Tod flew to the grandfather oak and perched among its wide branches. He buried his face in his arms, ignoring the radiant birdsong and the gentle breezes sifting throu
gh his hair. Donal was leaving England. He was leaving Tod.
“I have no close companions suited for such travel.” Donal knew that Tod could not go with him. He had been making plans, and yet he had never seen fit to tell the one who had served him all his life. Would he have told Tod before he left, or simply abandoned him?
The knot of sorrow in Tod’s belly drew tighter. He cares nothing for Tod. Anger swelled in a wave that set him to swaying on his branch, snapping twigs and leaves between clenched fingers.
Today Tod had been given a choice: to act for Lady Béfind without Donal’s knowledge, or to remain strictly loyal to his master. Donal had made the choice for him. But Tod would never let the son of Hern see how he grieved.
Tod laughed until all the birds flew away.
DONAL WATCHED Cordelia go, his head still aching with the effort of sharing the animal’s thoughts. He hardly noticed the discomfort, for his heart suffered a far worse affliction.
He knew she had seen. She had climbed with the apes, run with the wolves and stalked with the panther; she knew what it was they had lost when men had captured them.
And she had refused to accept what she learned. She had rejected the lesson because she feared what it told her about herself. She had rejected Donal and the small, simple gift he had tried to give her.
He sank down on the bench, resting his head in his hands.

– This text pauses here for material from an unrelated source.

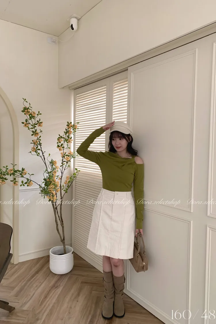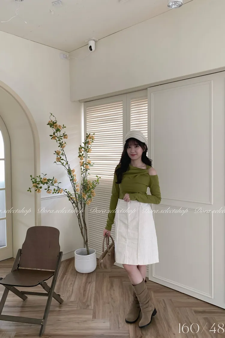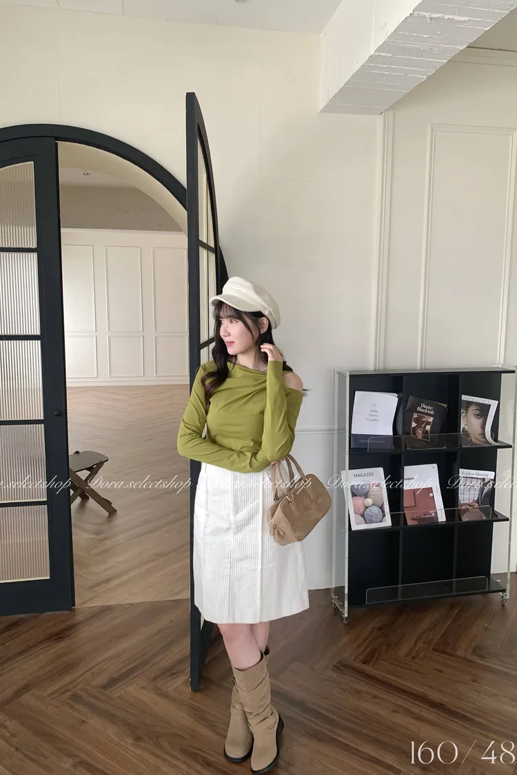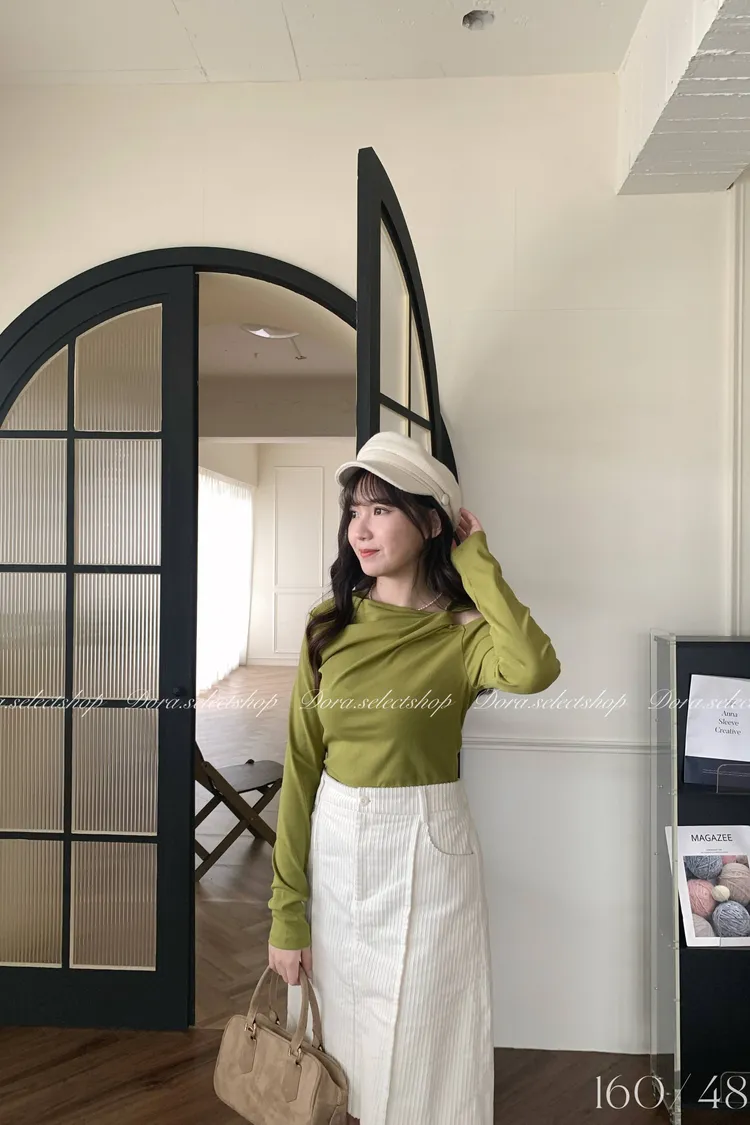 挖肩露出一邊鎖骨很顯瘦! 另一邊也可以拉成斜肩

Somewhere he had gone wrong, trying to reason with her when the subject at hand had so little to do with rationality. She clung so fiercely to the superiority of her intellect and her certainty of the way things should be.
Donal realized that he still clutched his damp handkerchief and laid it on the bench, smoothing it with his fingertips. The bitter truth was that Cordelia could not bring herself to trust him. He had wanted to help her and her animals, and he had failed. When he had looked into her eyes, he’d seen only revulsion.
And as for the animals…He had betrayed their trust by letting Cordelia into the privacy of their thoughts. They were restive and angry, but their ire wasn’t directed at the man who had disrupted their fragile peace.